## EXTRACTED MATERIAL
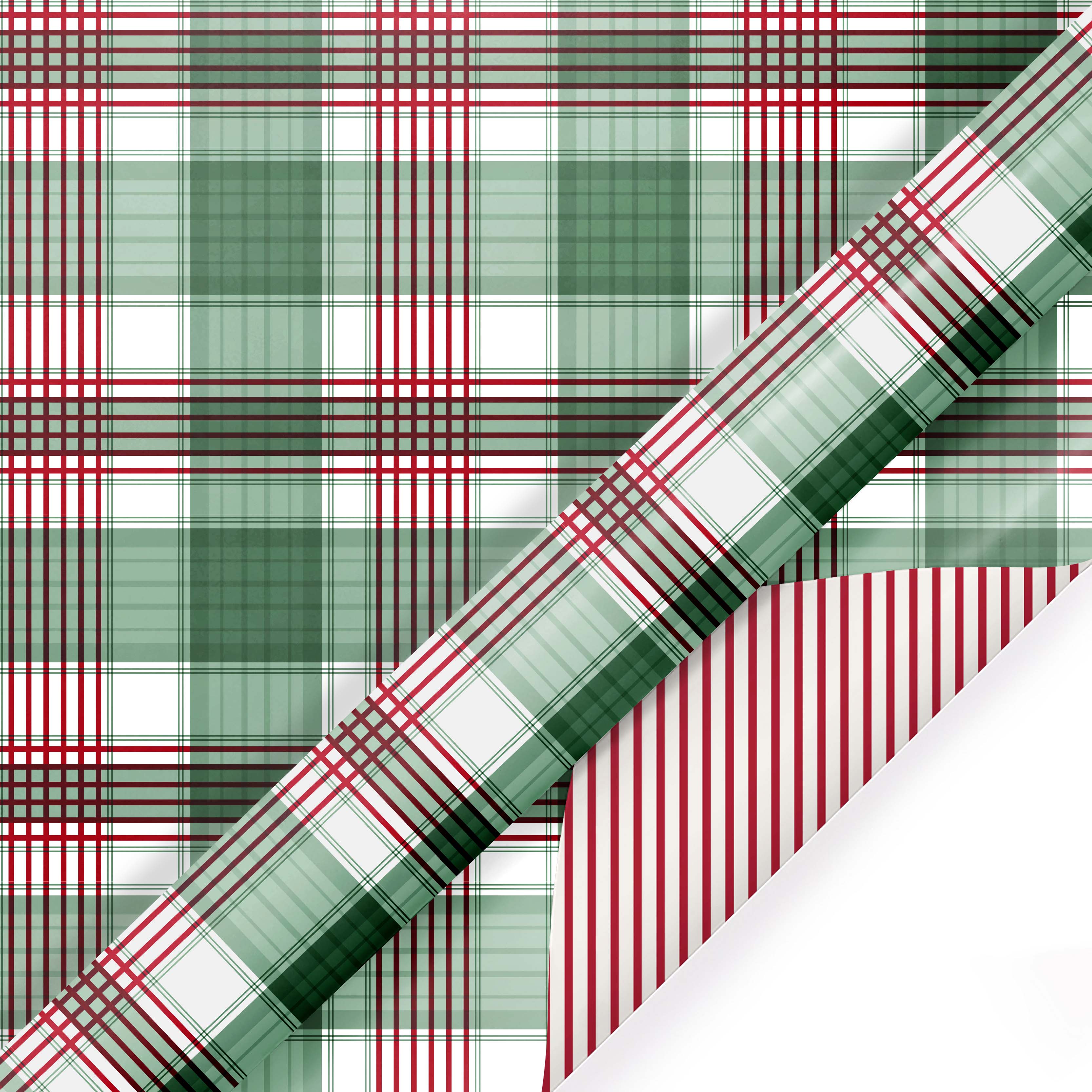 24" x 417' Reversible Holiday Wrapping Paper Half Ream | Large Red and Green Plaid/Red and White Stripe
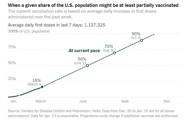 Biden set a low bar of inoculating 100 million Americans in his first 100 days, and he is nearing that goal. After the bump caused by the “deep freeze” storm, over two million Americans receive a jab every day. An additional acceleration would be cheered by markets.
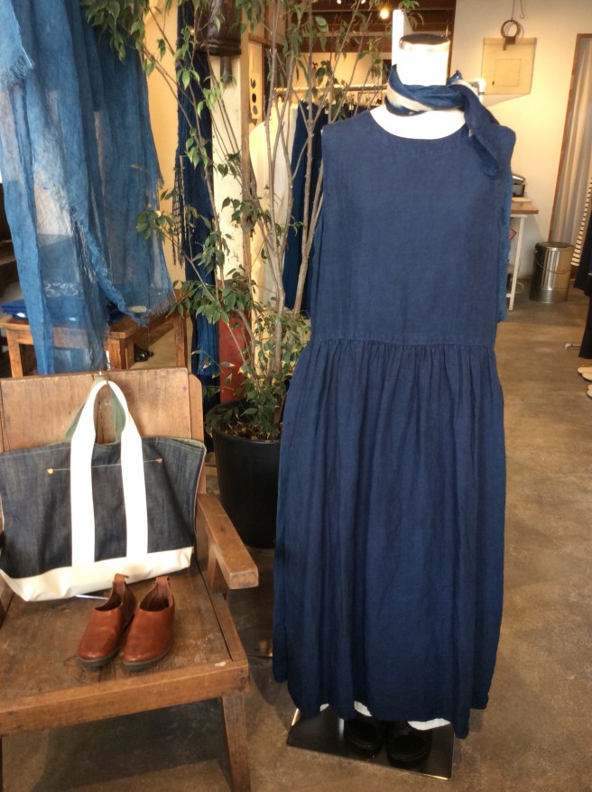 高城染工さんのノースリーブワンピースは誰の目にもつく美しい光沢です。
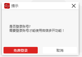 跳出提示,你必须登录账号才能使用微信多开功能,点击"免费登录",
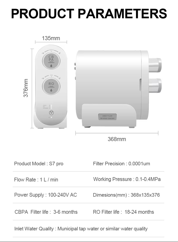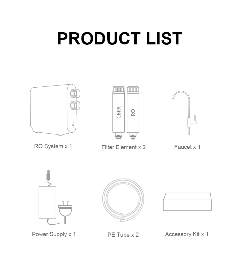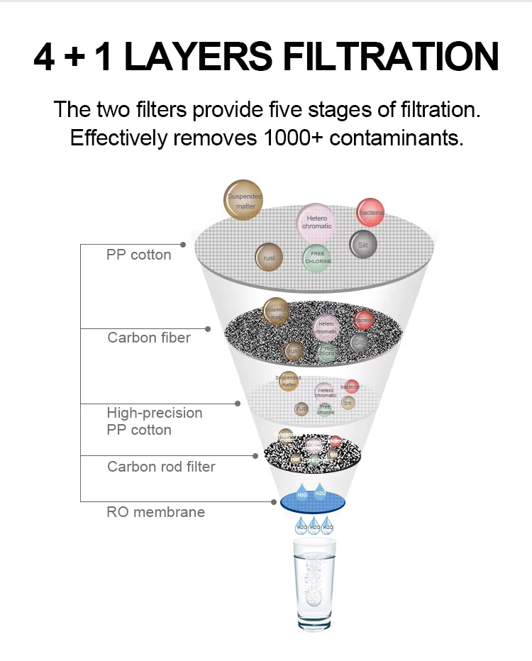 Dieses 5-stufige RO-Umkehrosmose-Wasseraufbereitungssystem liefert 400 GPD und gewährleistet sauberes Trinkwasser mit einem Filterwert von 0,0001 µm. Integriert ist eine TDS-Überwachung. Die Wasserfilteranlage verfügt über eine Selbstreinigungsfunktion, eine Anzeige für die Filterlebensdauer und eine 3-jährige Garantie
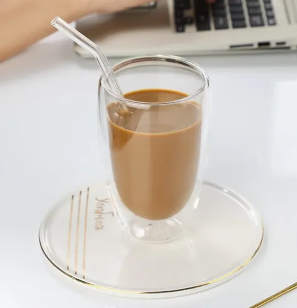 Denna eleganta glasmugg kombinerar dubbelskiktad isolering med högborosilikatglas för att bevara dryckers temperatur utan att överhetta händerna. Perfekt för kalla drycker, mjölk, kaffe eller te – ger varje drickögonblick en upphöjd ritual.
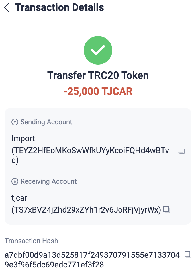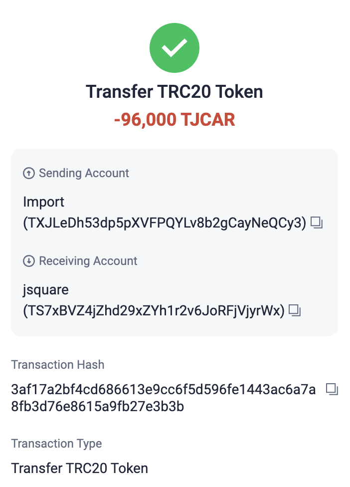 TJCAR 컨트랙트 주소 : TNHRQryXDyYSyqFHq8UqCYFSc6dzp81Dxa
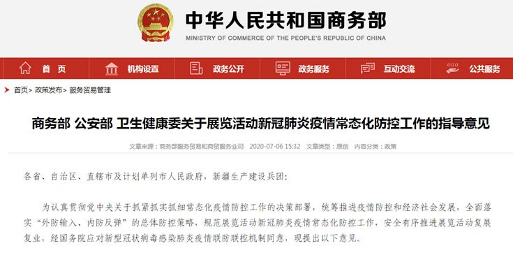 2020年7月3日,三部委(商務(wù)部、公安部、衛(wèi)健委)對(duì)疫情下的展覽活動(dòng)提出詳細(xì)的指導(dǎo)意見,7月6日在商務(wù)部網(wǎng)站公布,這可謂一石激起千層浪,為會(huì)展產(chǎn)業(yè)的全面復(fù)蘇帶來了真正福音。確切地說,這可以理解為2020年會(huì)展業(yè)真正復(fù)蘇的開端,意味著相應(yīng)的一些審批程序?qū)⒃趯徤鞯姆諊谐掷m(xù)往前,這也意味著會(huì)展業(yè)前期的一些積極準(zhǔn)備將進(jìn)入開拔階段。
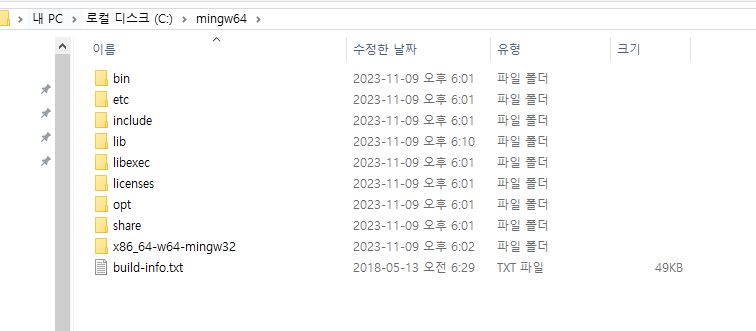 - mingw64 -> x86_64-8.1.0-release-win32-seh-rt_v6-rev0.7z 바이너리 압축 해제
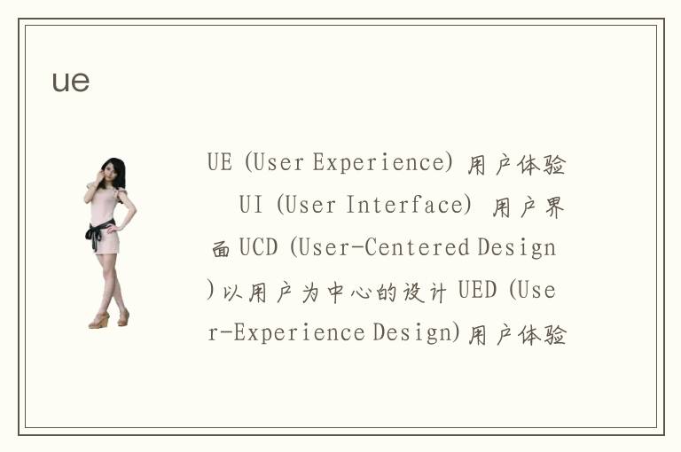 UE (User Experience) 用戶體驗? UI (User Interface) 用戶界面 UCD (User-Centered Design)以用戶為中心的設(shè)計 UED (User-Experience Design)用戶體驗設(shè)計 CDC(
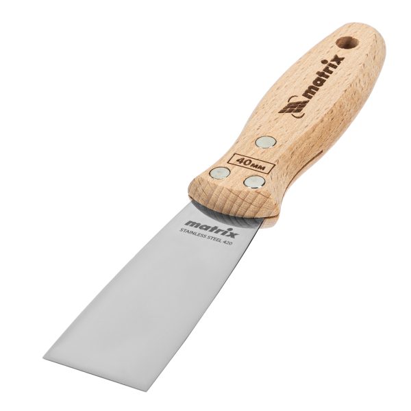 Шпательная лопатка Matrix 85610 с полотном из нержавеющей стали шириной 40 мм и буковой рукояткой предназначена для работы со строительными растворами. Применяется для нанесения различных смесей на поверхности, шпатлевания трещин и неровностей.
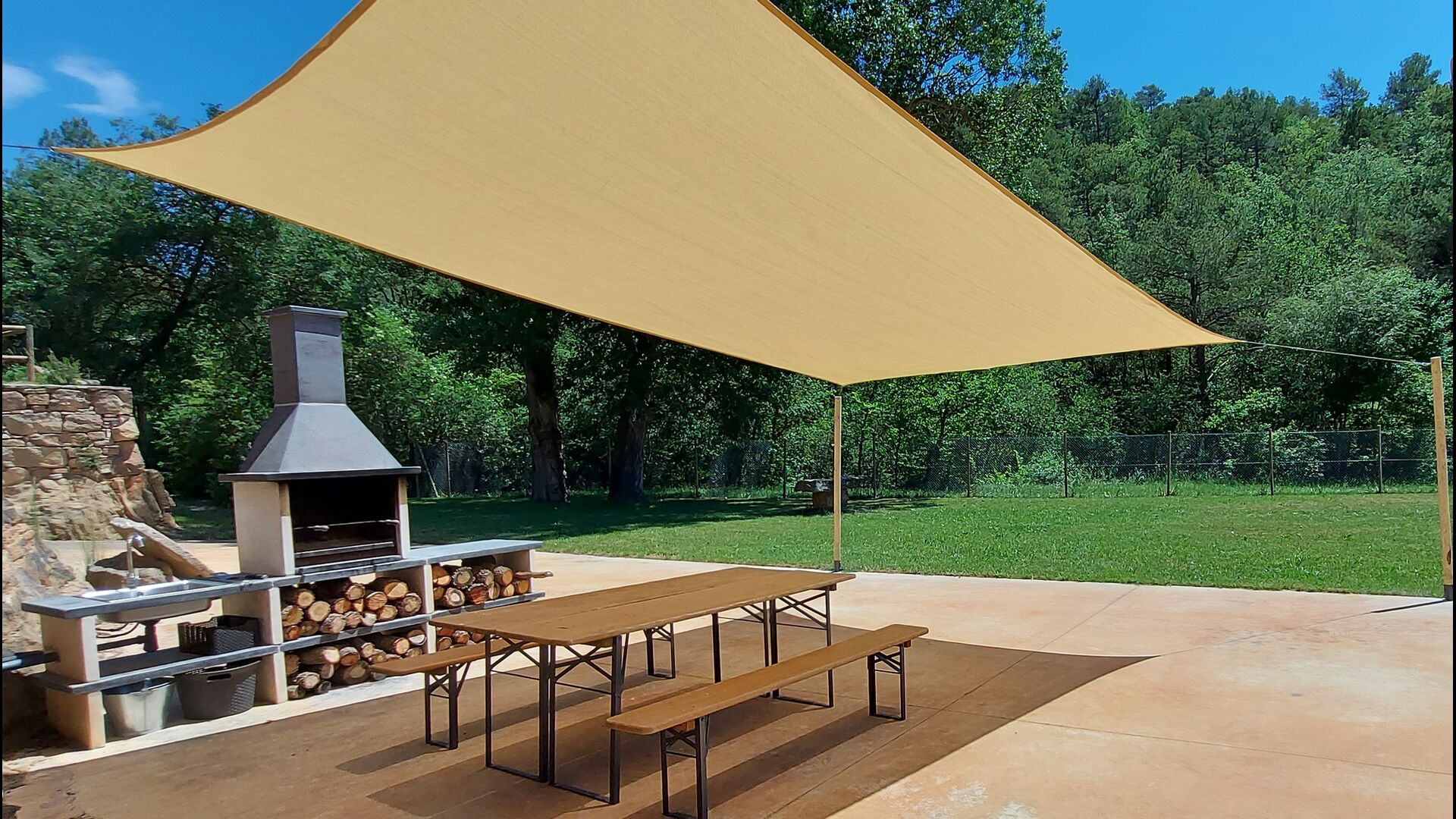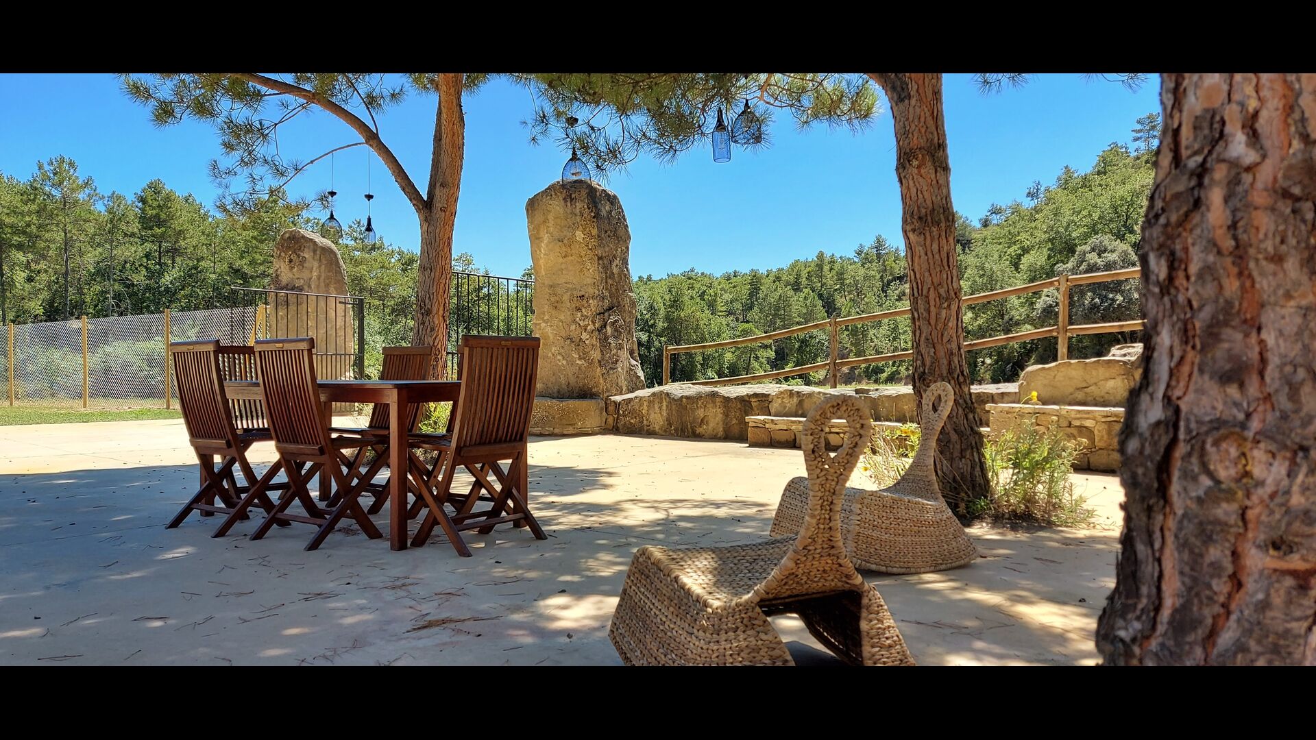 En el exterior de la casa, dispondrás de la mesa del jardín, que podrás mover fácilmente, para que básicamente puedas comer donde prefieras. Puede ser a la sombra de uno de los árboles, junto a la piscina o al lado de la barbacoa, si te gusta una buena cena de barbacoa. También hay algunos sillones, para que puedas relajarte con un libro.

## ASSIGNED TASK
Write out every line above exactly as it is, leaving out the pictures.

## EXERCISE OUTPUT
 24" x 417' Reversible Holiday Wrapping Paper Half Ream | Large Red and Green Plaid/Red and White Stripe
 Biden set a low bar of inoculating 100 million Americans in his first 100 days, and he is nearing that goal. After the bump caused by the “deep freeze” storm, over two million Americans receive a jab every day. An additional acceleration would be cheered by markets.
 高城染工さんのノースリーブワンピースは誰の目にもつく美しい光沢です。
 跳出提示,你必须登录账号才能使用微信多开功能,点击"免费登录",
 Dieses 5-stufige RO-Umkehrosmose-Wasseraufbereitungssystem liefert 400 GPD und gewährleistet sauberes Trinkwasser mit einem Filterwert von 0,0001 µm. Integriert ist eine TDS-Überwachung. Die Wasserfilteranlage verfügt über eine Selbstreinigungsfunktion, eine Anzeige für die Filterlebensdauer und eine 3-jährige Garantie
 Denna eleganta glasmugg kombinerar dubbelskiktad isolering med högborosilikatglas för att bevara dryckers temperatur utan att överhetta händerna. Perfekt för kalla drycker, mjölk, kaffe eller te – ger varje drickögonblick en upphöjd ritual.
 TJCAR 컨트랙트 주소 : TNHRQryXDyYSyqFHq8UqCYFSc6dzp81Dxa
 2020年7月3日,三部委(商務(wù)部、公安部、衛(wèi)健委)對(duì)疫情下的展覽活動(dòng)提出詳細(xì)的指導(dǎo)意見,7月6日在商務(wù)部網(wǎng)站公布,這可謂一石激起千層浪,為會(huì)展產(chǎn)業(yè)的全面復(fù)蘇帶來了真正福音。確切地說,這可以理解為2020年會(huì)展業(yè)真正復(fù)蘇的開端,意味著相應(yīng)的一些審批程序?qū)⒃趯徤鞯姆諊谐掷m(xù)往前,這也意味著會(huì)展業(yè)前期的一些積極準(zhǔn)備將進(jìn)入開拔階段。
 - mingw64 -> x86_64-8.1.0-release-win32-seh-rt_v6-rev0.7z 바이너리 압축 해제
 UE (User Experience) 用戶體驗? UI (User Interface) 用戶界面 UCD (User-Centered Design)以用戶為中心的設(shè)計 UED (User-Experience Design)用戶體驗設(shè)計 CDC(
 Шпательная лопатка Matrix 85610 с полотном из нержавеющей стали шириной 40 мм и буковой рукояткой предназначена для работы со строительными растворами. Применяется для нанесения различных смесей на поверхности, шпатлевания трещин и неровностей.
 En el exterior de la casa, dispondrás de la mesa del jardín, que podrás mover fácilmente, para que básicamente puedas comer donde prefieras. Puede ser a la sombra de uno de los árboles, junto a la piscina o al lado de la barbacoa, si te gusta una buena cena de barbacoa. También hay algunos sillones, para que puedas relajarte con un libro.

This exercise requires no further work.